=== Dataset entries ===
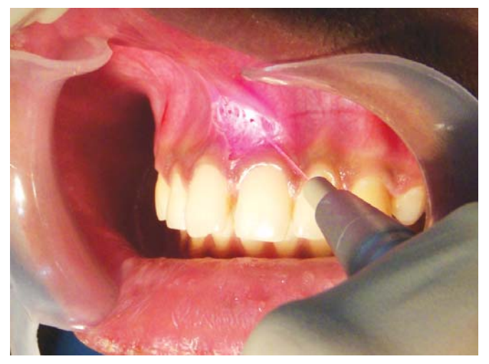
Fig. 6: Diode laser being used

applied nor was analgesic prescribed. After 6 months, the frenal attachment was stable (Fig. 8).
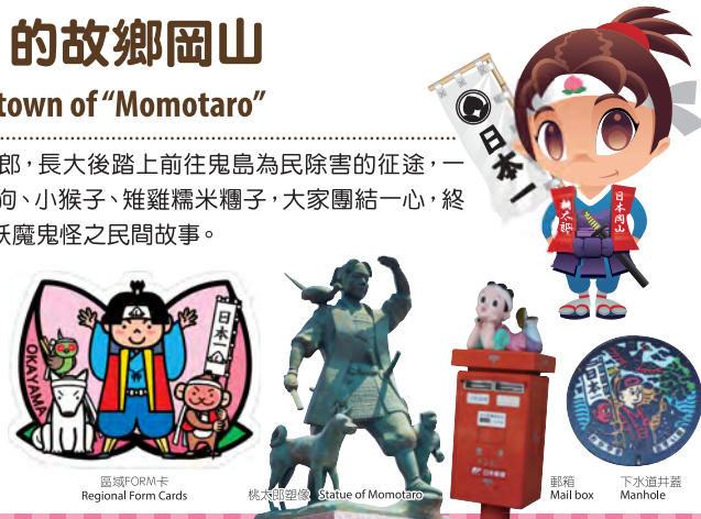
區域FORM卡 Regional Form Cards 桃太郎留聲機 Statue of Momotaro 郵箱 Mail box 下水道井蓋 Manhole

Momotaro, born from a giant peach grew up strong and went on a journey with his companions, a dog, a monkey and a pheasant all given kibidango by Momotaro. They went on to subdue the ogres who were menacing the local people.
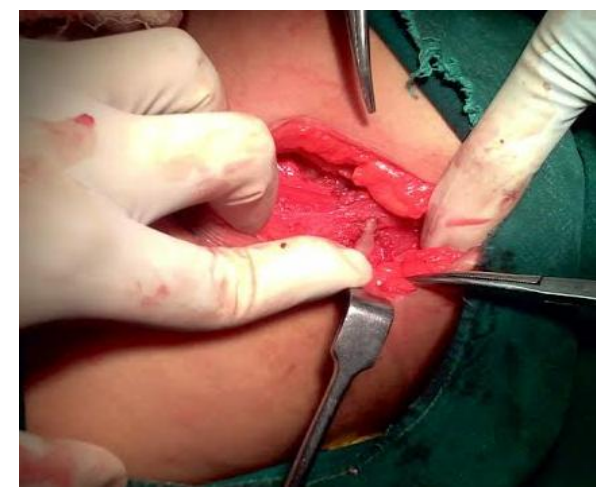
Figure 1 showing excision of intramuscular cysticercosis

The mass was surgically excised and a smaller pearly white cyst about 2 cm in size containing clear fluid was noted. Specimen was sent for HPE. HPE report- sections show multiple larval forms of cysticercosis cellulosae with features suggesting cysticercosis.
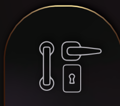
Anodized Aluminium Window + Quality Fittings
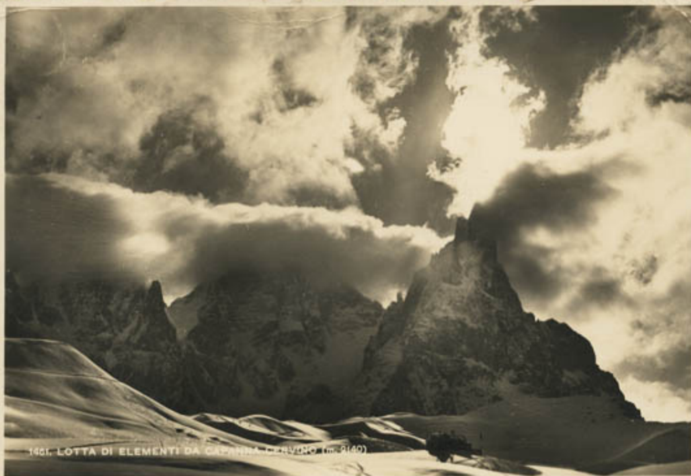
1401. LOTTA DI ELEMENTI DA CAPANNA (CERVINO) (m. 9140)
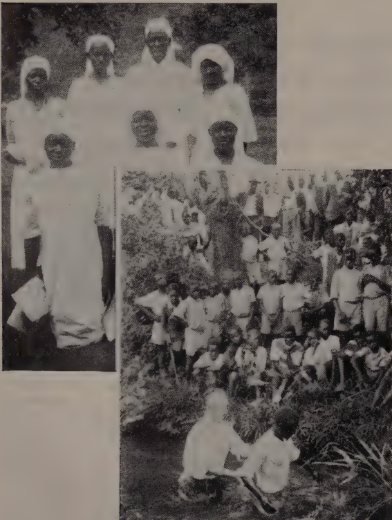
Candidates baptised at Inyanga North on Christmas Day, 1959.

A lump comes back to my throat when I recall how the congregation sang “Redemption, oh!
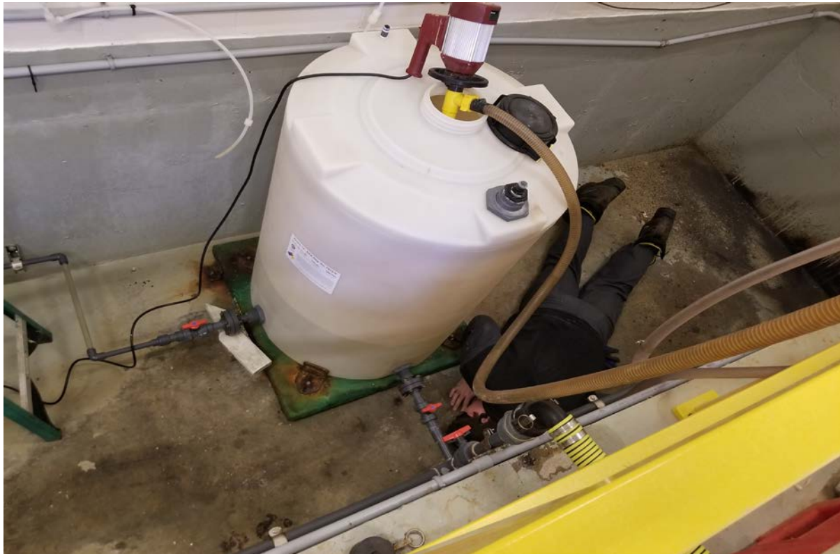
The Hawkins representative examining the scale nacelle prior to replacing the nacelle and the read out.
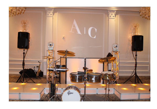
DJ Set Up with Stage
...
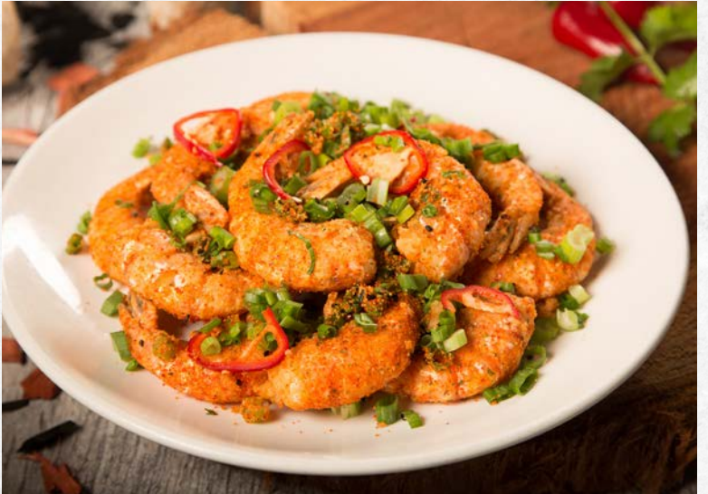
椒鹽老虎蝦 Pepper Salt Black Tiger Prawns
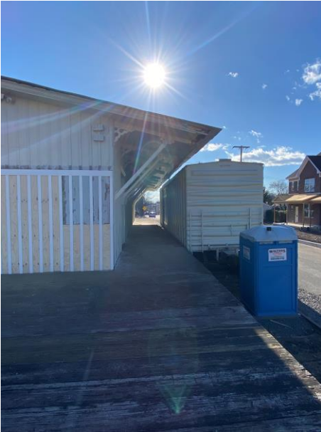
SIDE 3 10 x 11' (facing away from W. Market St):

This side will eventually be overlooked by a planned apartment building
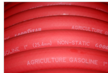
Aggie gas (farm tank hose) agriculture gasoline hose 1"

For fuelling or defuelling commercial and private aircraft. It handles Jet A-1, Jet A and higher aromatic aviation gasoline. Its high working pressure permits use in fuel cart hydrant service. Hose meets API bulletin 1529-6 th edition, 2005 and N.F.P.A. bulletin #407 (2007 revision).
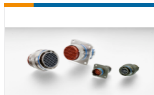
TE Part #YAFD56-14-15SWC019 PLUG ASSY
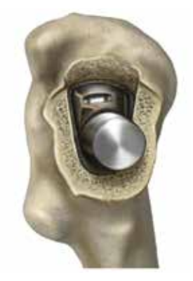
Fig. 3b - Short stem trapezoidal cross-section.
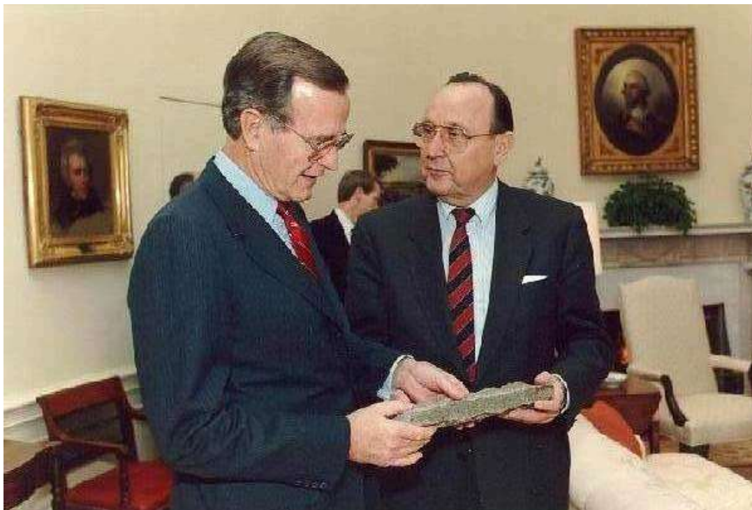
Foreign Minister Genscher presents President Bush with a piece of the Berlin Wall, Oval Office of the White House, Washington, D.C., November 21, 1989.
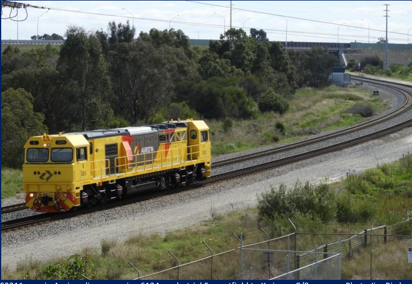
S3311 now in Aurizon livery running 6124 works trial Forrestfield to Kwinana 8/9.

=== TASK ITEM ===
When a line in the data holds the word "from", show that line.

=== RESPONSE BELOW ===
Momotaro, born from a giant peach grew up strong and went on a journey with his companions, a dog, a monkey and a pheasant all given kibidango by Momotaro. They went on to subdue the ogres who were menacing the local people.
SIDE 3 10 x 11' (facing away from W. Market St):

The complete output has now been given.